The for-profit entity Balancer Labs is shutting down, its co-founder announced, citing significant legal liability stemming from a $128 million exploit in November. While the Balancer decentralized exchange protocol will continue under its DAO and Foundation, the firm’s closure reflects a broader trend of DeFi project shutdowns. Essential team members may transition to a new entity, Balancer OpCo, pending a governance vote, with the protocol halting new BAL token emissions and directing all fees to buyback existing tokens.
Balancer Labs, the corporate entity behind the Balancer exchange, is shutting down. Its CEO and co-founder, Fernando Martinelli, announced the decision, attributing it to a major exploit in November.
That incident saw attackers drain around $128 million from users.

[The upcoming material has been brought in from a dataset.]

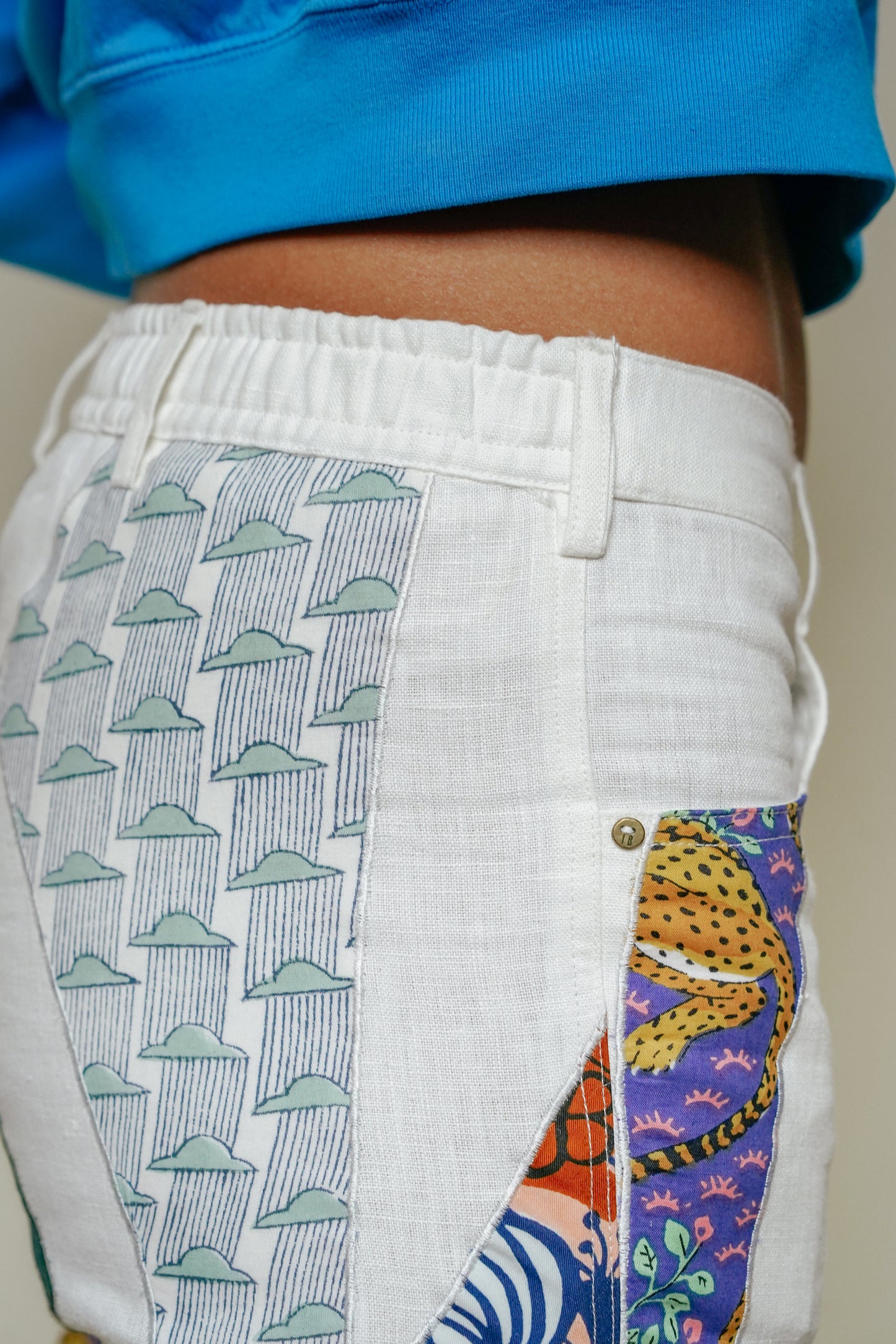 Pensé en France et conçu avec soin en Inde, ce pantalon en lin incarne la rencontre entre héritage textile et modernité. Sa coupe taille basse, courte et évasée reprend les lignes iconiques de nos pantalons en wax, offrant une silhouette féminine et affirmée.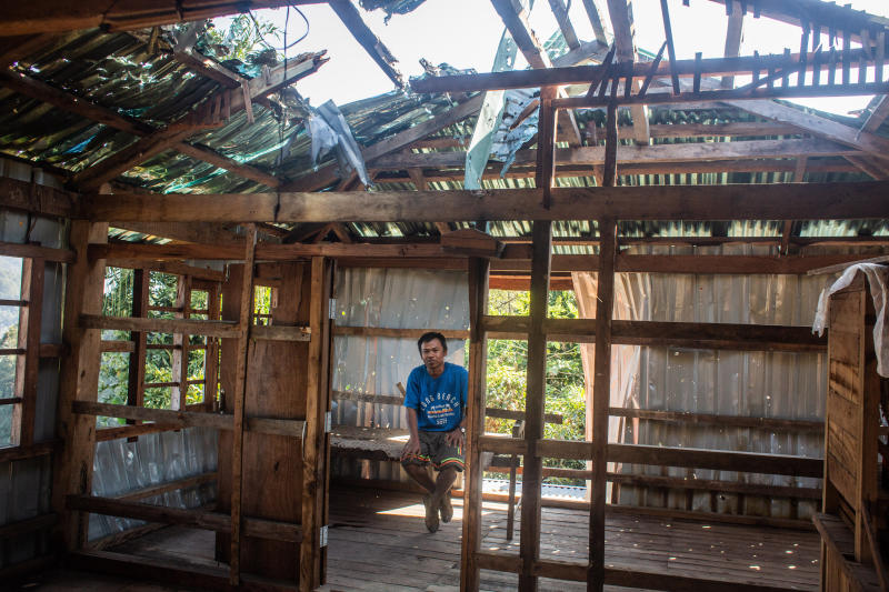 Mr Aik Min sits in the remains of his house that was destroyed after clashes between the Myanmar military and Ta’ang National Liberation Army.

Martinelli stated the hack “created real and ongoing legal exposure” for the firm. He concluded “Balancer Labs, as a corporate entity, has become a liability rather than an asset to the protocol’s future.”
The Balancer protocol itself will continue operating under its DAO and Foundation. This follows a wave of shutdowns impacting other DeFi projects like Tally, Step Finance, and Parsec. Many cited funding challenges and market misalignment.
The November exploit was described by security firm BlockSec as “a highly sophisticated exploit.” It caused a sharp decline in the protocol’s deposits from $775 million before the hack to around $154 million recently.
Martinelli said he considered ending support entirely but noted the protocol still generates revenue. “Over the last three months, Balancer generated over $1 million in total fees annualised,” he said. Essential team members may join a new entity called Balancer OpCo after a vote.
New emissions of BAL tokens will cease, and all protocol fees will be routed to the DAO treasury. Those funds will be used to buy back BAL tokens on the open market. Martinelli framed this as offering a fair exit for skeptical holders while clearing an investment overhang.